The ability to create reasonably good-looking cross-platform desktop applications using Node.js. Obviously Electron is not much use to you if you're already experienced in the native development kit of your platform, but if your main expertise is Node.js (which is the case for an increasing number of developers), Electron is quite handy.

Also, it can conveniently turn your run-of-the-mill XSS bug into remote code execution! Welcome to 2016, everybody.
I am a person who always wanted to develop native desktop applications, but ended up developing for the web instead because the barrier to entry is lower.

Now I have the opportunity to do what I actually wanted to do.

I think this marks why Hacker News is biased against Electron. I really appreciate your eager to develop desktop applications, but Electron apps are _not_ native. It brings web technologies to the desktop. This is clearly an advantage for web developers, as it, as you just said, lowers the barrier to entry. Custom UIs are in my opinion also much easier to develop using Electron - this is exactly what HTML/CSS/JS were designed for. But these apps don't fit into the operating system. They use few of the available APIs, they are restricted to a common layer of abstraction, which means they can only use features available on Windows/OS X/Linux and none of the platform specific features, they are always "statically linked" (what I mean is every Electron app ships it's own libraries and the whole framework itself), etc.

As you said, Electron clearly has its advantages. But I appreciate the effort when a developer creates an application using the target platform's native language, frameworks and usage patterns (in this case, Swift, AppKit and the Cocoa APIs). The result is, in my opinion, clearly worth the effort and a wonderful piece of software to use.

Technically speaking, HTML was designed for reading and sharing scientific documents, CSS was meant for styling documents in minor ways, and JS was slapped on to compete with web "web applets" made by Microsoft and Sun.
Technically speaking, none of what you wrote is relevant today. (To pick a major nit, CSS was always meant to be able to re-skin a site completely, hardly "minor".)

Web development has ballooned into a capable, flexible and highly complex beast. It is evolving (understatement) but it can be used to produce very complex apps now, witness the Google productivity apps.

All that said, true native apps provide a superior user experience if done well.

Get a good book on OS X development in ObjC or Swift and download Xcode.
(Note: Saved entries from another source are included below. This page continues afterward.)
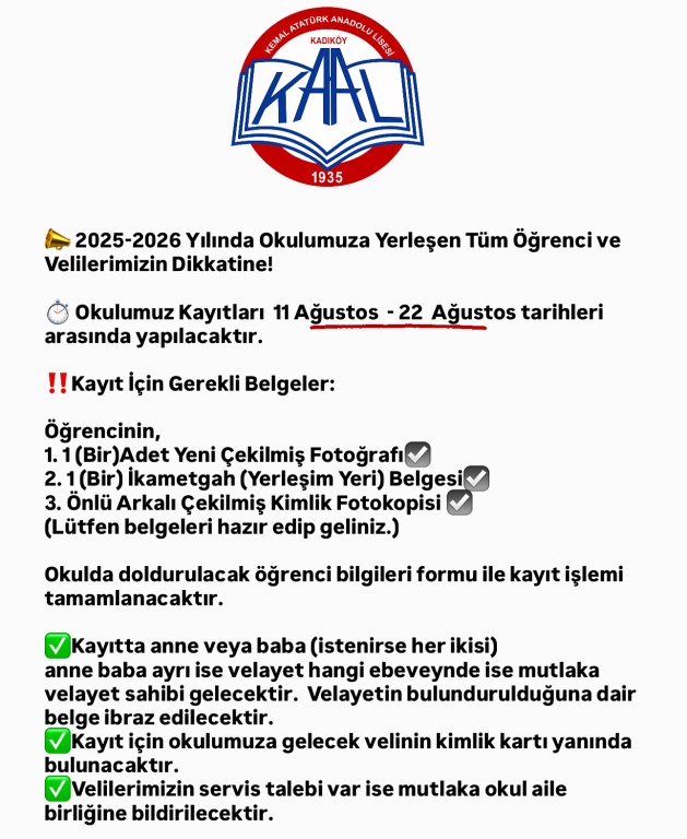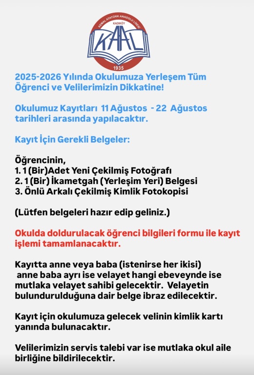 2025-2026 Eğitim Öğretim Yılında Okulumuza Yerleşen Tüm Öğrenci ve Velilerimizin Dikkatine!
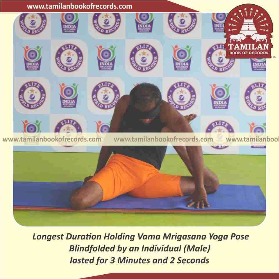 Longest Duration Holding Vama Mrigasana Yoga Pose Blindfolded by an Individual (Male)
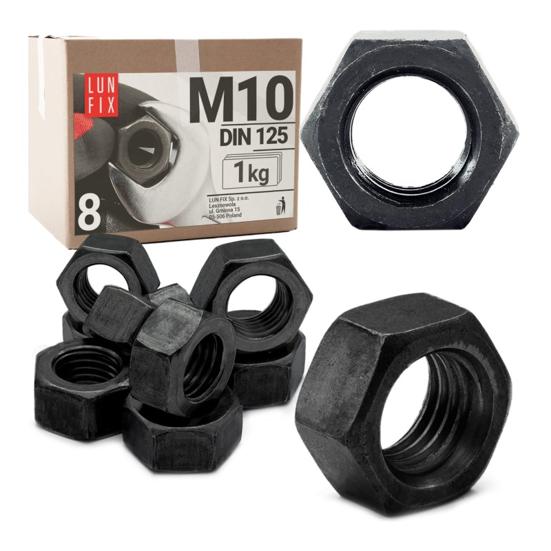 Nakrętka sześciokątna M10 czarny ocynk DIN934 klasa 8 1kg
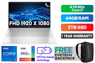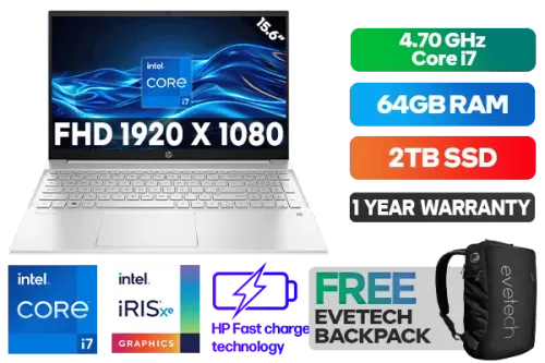 HP Pavilion 15-eg2019ni 7K8A0EA 12th Gen Intel® Core™ i7-1255U up to 4.70GHz Processor, 12MB Cache, 10x Cores, 12x Threads / 64GB DDR4 RAM / 2TB Ultra-Fast NVMe SSD / 15.6" FHD 1920x1080 Anti-glare IPS-level Display / Integrated Intel® Iris® Xe Graphics, DirectX 12 Support / Windows 11 Home (64bit) / MediaTek Wi-Fi 6 Wireless LAN / Bluetooth 5.2 / HP Wide Vision 720p HD Camera with Integrated Dual Array Digital Microphones / 2x SuperSpeed USB Type-A / 1x USB Type-C / 1x HDMI / 1x Headphone and Microphone Audio Combo Jack / No DVD Drive Included / White Backlit Keyboard / 1 Year Warranty / HP Pavilion 15-eg2019ni 12th Gen Intel® Core™ i7 laptop DealHP Pavilion 15-eg2019ni 7K8A0EA 12th Gen Intel® Core™ i7-1255U up to 4.70GHz Processor, 12MB Cache, 10x Cores, 12x Threads / 64GB DDR4 RAM / 2TB Ultra-Fast NVMe SSD / 15.6" FHD 1920x1080 Anti-glare IPS-level Display / Integrated Intel® Iris® Xe Graphics, DirectX 12 Support / Windows 11 Home (64bit) / MediaTek Wi-Fi 6 Wireless LAN / Bluetooth 5.2 / HP Wide Vision 720p HD Camera with Integrated Dual Array Digital Microphones / 2x SuperSpeed USB Type-A / 1x USB Type-C / 1x HDMI / 1x Headphone and Microphone Audio Combo Jack / No DVD Drive Included / White Backlit Keyboard / 1 Year Warranty / HP Pavilion 15-eg2019ni 12th Gen Intel® Core™ i7 laptop Deal [7K8A0EA/64GB/2TB] / [+] GET FREE EVETECH NEO Premium Gaming Backpack+ FREE DELIVERY !

Couple of weeks hacking on a toy project and away you go.
Now try to share that program with your Windows- or Linux-using friends.

That sort of gets to how I feel about Electron apps. If you don't like Electron apps, then just pretend any app made with it isn't available for your platform, as would likely be the case if they were not using a cross-platform library.

> Now try to share that program with your Windows- or Linux-using friends.

There is always the Qt5 option, although I'd be curious to see how much overhead (latency, battery consumption, etc) Qt brings over a program built directly in Cocoa.

The comment you replied to explains the problem with your logic: the easy creation of apps using Electron exposes nontrivial security issues that will likely not get caught because speed is a priority.
I was about to say, "not that many apps, all I can think of is Atom and VS Code", but I was surprised by the size of this list: http://electron.atom.io/apps/

I've never used it, but it sounds potentially great for people who do a lot of web development. It's a frictionless way for them to share code and other assets between native(isher) desktop apps and web projects. For web developers who don't do desktop development at all, it's also a relatively frictionless way to ship a desktop app.

If you don't need a cross-platform UI toolkit, and/or don't need to (or want to) use web technologies in a desktop app, it wouldn't be a net positive. Obviously there are downsides in terms of performance and not having a native UI. The upsides depend on your requirements, which range from 0 to >= the downsides.

The company I work for has an Electron app and the advantage of it is that we can take our existing Node.js-powered online product and package it up for desktop/offline use with just some minimal work. We don't have to maintain two completely separate codebases.